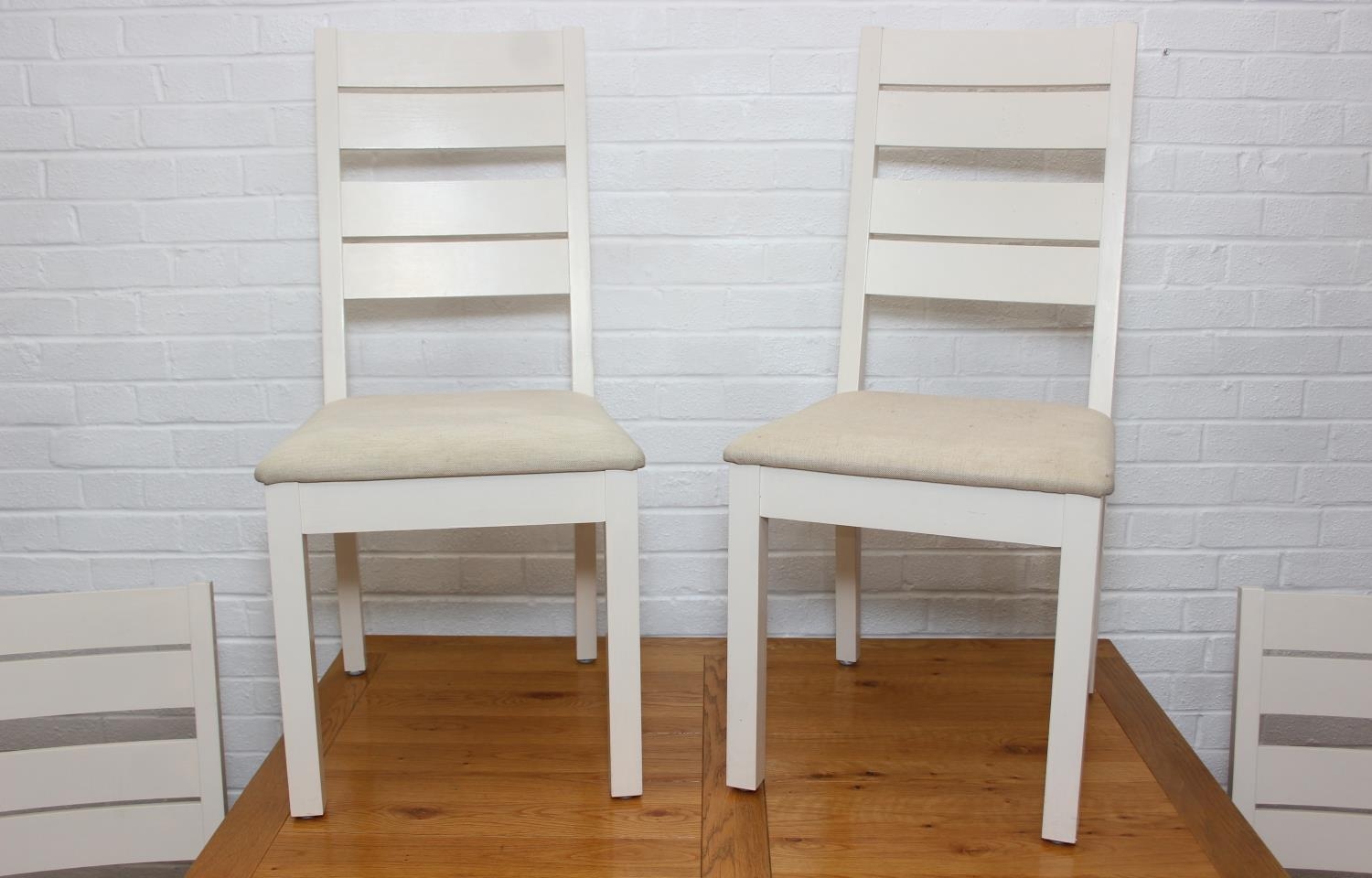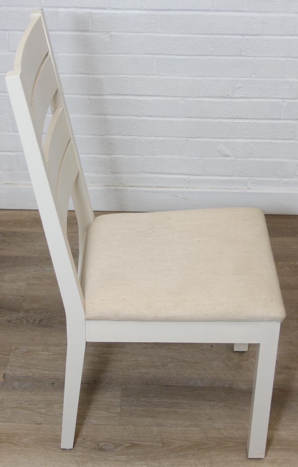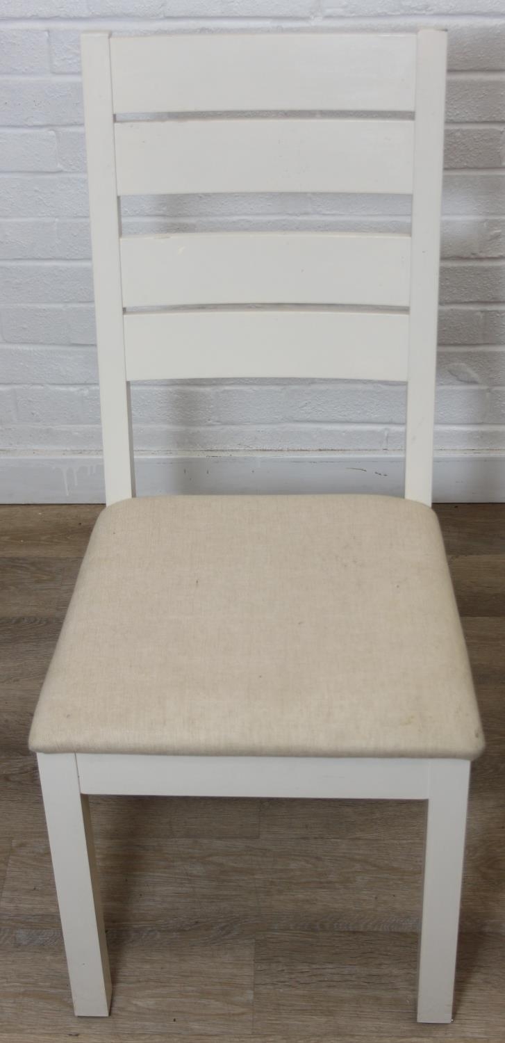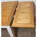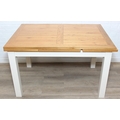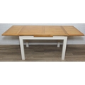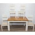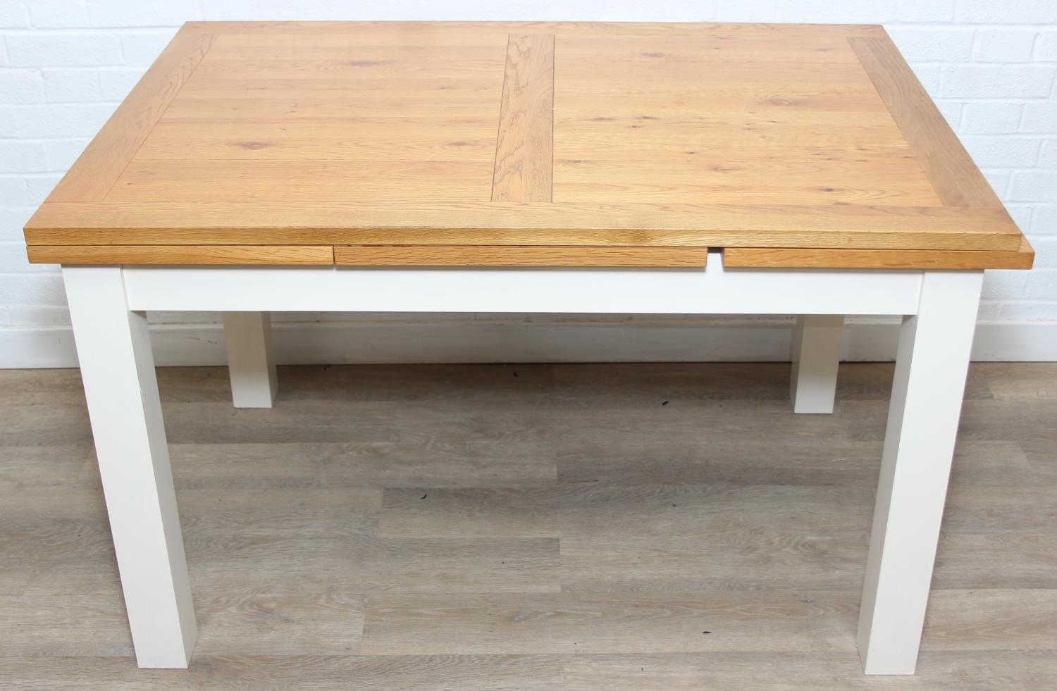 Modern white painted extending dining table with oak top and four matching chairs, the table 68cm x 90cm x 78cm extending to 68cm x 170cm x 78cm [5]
...
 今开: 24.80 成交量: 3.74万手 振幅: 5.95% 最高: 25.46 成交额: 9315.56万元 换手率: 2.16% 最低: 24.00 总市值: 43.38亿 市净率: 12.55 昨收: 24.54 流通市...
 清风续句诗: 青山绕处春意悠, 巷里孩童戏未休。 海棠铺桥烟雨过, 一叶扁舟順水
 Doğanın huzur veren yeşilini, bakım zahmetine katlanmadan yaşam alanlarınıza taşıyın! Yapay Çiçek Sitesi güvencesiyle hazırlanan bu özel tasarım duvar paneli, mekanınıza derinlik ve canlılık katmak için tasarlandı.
--
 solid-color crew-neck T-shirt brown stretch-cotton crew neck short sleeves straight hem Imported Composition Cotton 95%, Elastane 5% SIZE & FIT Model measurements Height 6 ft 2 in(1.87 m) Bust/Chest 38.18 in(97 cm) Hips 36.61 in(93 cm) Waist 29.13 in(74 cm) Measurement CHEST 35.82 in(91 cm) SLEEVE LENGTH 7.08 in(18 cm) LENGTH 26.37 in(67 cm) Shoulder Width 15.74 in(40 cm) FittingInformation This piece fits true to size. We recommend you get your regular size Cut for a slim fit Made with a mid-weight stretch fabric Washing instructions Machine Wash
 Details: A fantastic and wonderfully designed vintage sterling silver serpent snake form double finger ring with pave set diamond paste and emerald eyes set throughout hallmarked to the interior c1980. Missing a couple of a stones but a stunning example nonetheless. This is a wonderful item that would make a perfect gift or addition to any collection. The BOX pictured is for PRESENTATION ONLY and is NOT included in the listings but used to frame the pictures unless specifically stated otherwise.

The task: Your answer should be a single number: the count of lines in the entries that contain the word "This".

Answer section: 2